The process of understanding can be understood as a change in language representation, from natural language to a semantic language, so that the meaning of the message is not changed. As in the speech recognizer, the spoken language understanding module can work with several hypotheses (both for recognition and understanding) and confidence measures. There are currently two major approaches to tackling the problem of understanding: rule-based approaches and statistical models learned from data corpus.
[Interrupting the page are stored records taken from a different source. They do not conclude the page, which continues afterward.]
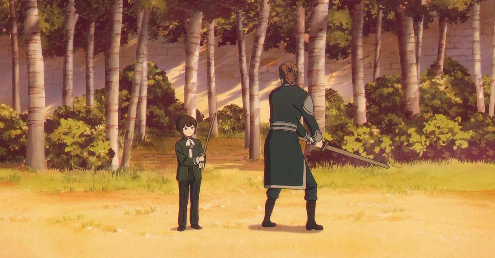 練習の途中、オルデン卿には次男のムートがいる事をシュタルクは聞きますが、ムートには兄ほどの才がないそうで、シュタルクは自分の境遇と重ねて複雑な気持ちになります。しかしムートは努力家だそうで、積み上げてきたものは決して裏切らない、いつか私より強い騎士になる、とオルデン卿は言い、シュタルクはその事はムートに言った方がいいと言います。オルデン卿は、いつも言っているが、だから調子に乗ってなかなか上達しないと言います。それを聞いたシュタルクは、それは大問題だ、と答えます。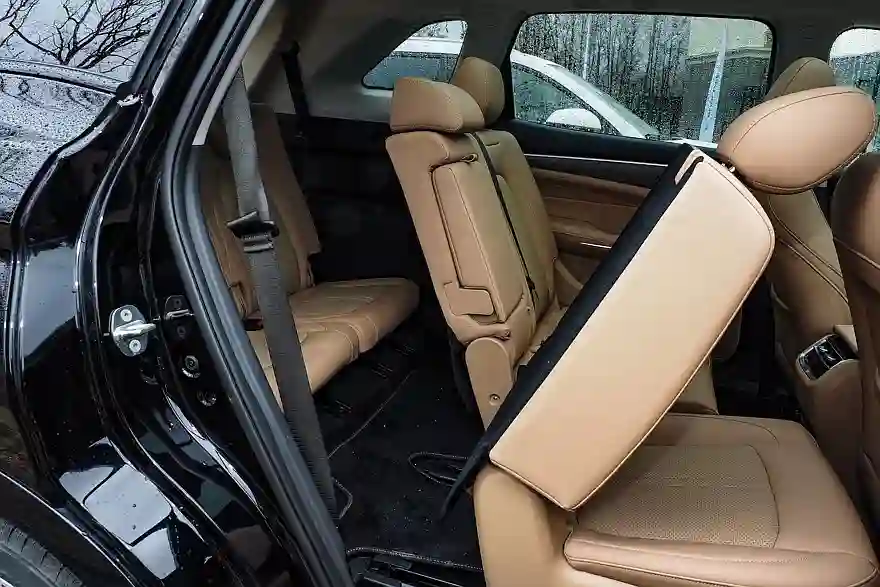 Маркетологи EVOLUTE не зря придумали такое название – i‑SPACE, ведь Space в переводе с английского означает «объем». Автомобиль действительно получился весьма объемистым: и «сам за собой» садишься без каких-либо проблем, и багажник позволяет вместить массу всяческой поклажи (его объем «под крышу» в пятиместной конфигурации составляет 934 литра, а со сложенным вторым рядом – 2125 литров), и даже с разложенными сиденьями третьего ряда сзади остается место для пары солидных спортивных сумок. При этом сиденья третьего ряда, естественно, не отличаются суперкомфортом – и подушки, и спинки плоские, но два взрослых человека среднего роста там вполне спокойно перенесут не самую продолжительную поездку, а уж дети будут чувствовать себя просто отлично. А еще мне понравилось, как организован вход на третий ряд: просто тянешь за расположенную на спинке дивана второго ряда ручку, спинка части дивана отклоняется, а подушка отъезжает вперед. Все, прошу экипаж занять места на галерке…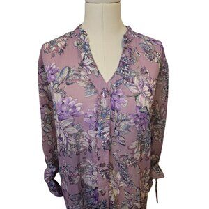 Womens Bellina Purple Floral Blouse Long Sleeve Sheer Summer Cottage Sz XL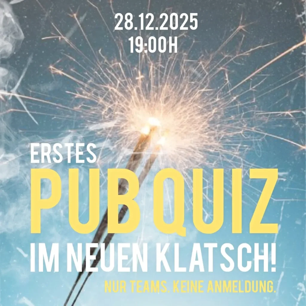 Am 28.12. geht’s auch mit dem allseits beliebten Pub Quiz weiter. Alles bleibt beim Alten: Brudi Carrell und Prank Elstner präsentieren knifflige Fragen, ambitionierte Unterhaltung und mittelmäßige Preise. Gespielt wird im Team, wer zuerst kommt, kriegt nen Platz. Klatsch öffnet um 18 Uhr, Quiz beginnt um 19 Uhr. Alles Weitere vor Ort, wir freuen uns ❓❔❤️🤍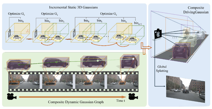 DrivingGaussian逐步建模了静态背景,并使用递增的静态三维高斯函数捕获多个移动物体。进一步利用LiDAR先验来实现精确的几何结构和多视图一致性。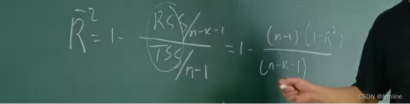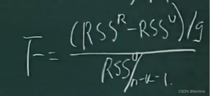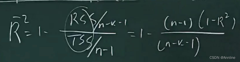 Residual sum of squares (RSS) 残差平方和 n-k-1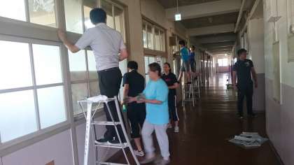 理科室の窓ふきです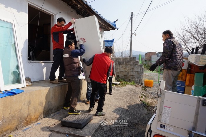 경기 양평군이 지난 28일 양서면에 거주하는 재활대상자 청년의 이사를 돕는 활동을 펼쳤다. 이번 이사에는 양서면 행복돌봄추진단과 양평·양서적십자봉사회, 양평희망나누미에서 인력과 트럭을 지원해 진행됐다. 사진은 이날 이사에 참여한 봉사자들이 냉장고를 나르고 있는 모습. (사진제공=양평군청)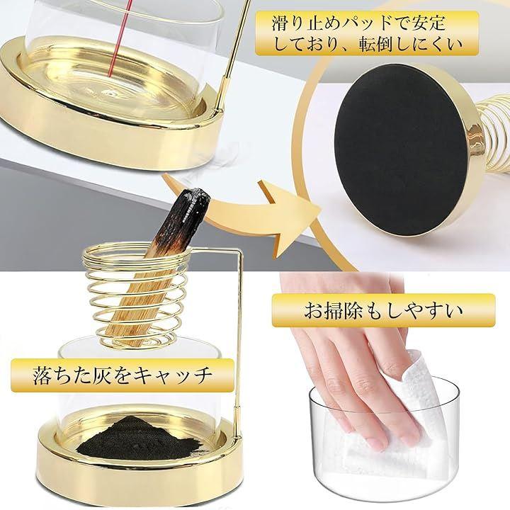 深いガラス製の受け皿で風が吹いても灰がこぼれず、スマートに香りを楽しめます。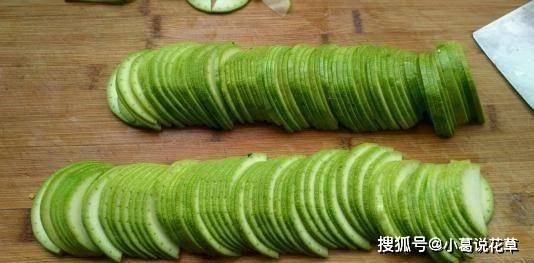 2、西葫蘆也要清洗幹凈,但去皮可以省略。西葫蘆的外皮不會影響口感。將西葫蘆切成薄片,放在盤子裡。這時候最好剝一些大蒜,剁成蒜沫。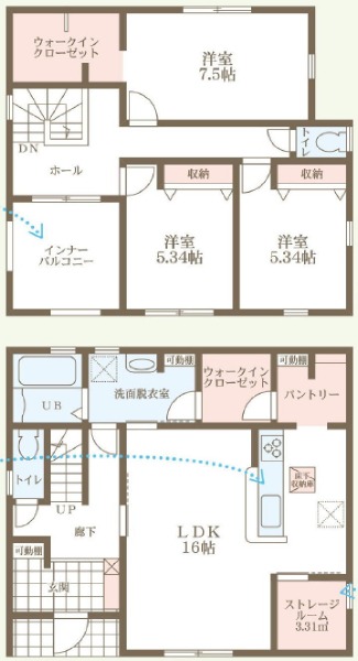 ■1階には、南向きで明るい16帖のLDK。家族と会話を楽しみながらお料理が作れる対面式のカウンターキッチン。キッチン→パントリー→WIC→洗面・浴室→玄関→LDKと周遊できる2WAY動線で、家事がはかどりますね。

Rule-based approaches extract semantic information based on a syntactic-semantic analysis of the sentences, using grammars defined for the task, or by means of the detection of keywords with semantic meanings. Some analyzers, in order to improve the robustness of the analysis, combine syntactic and semantic aspects of the specific task. Other techniques are based on an analysis at two levels, in which grammars are used to carry out a detailed analysis of the sentence and extract relevant semantic information. In addition, there are systems that use rule-based analyzers automatically learned from a training corpus using natural language processing techniques.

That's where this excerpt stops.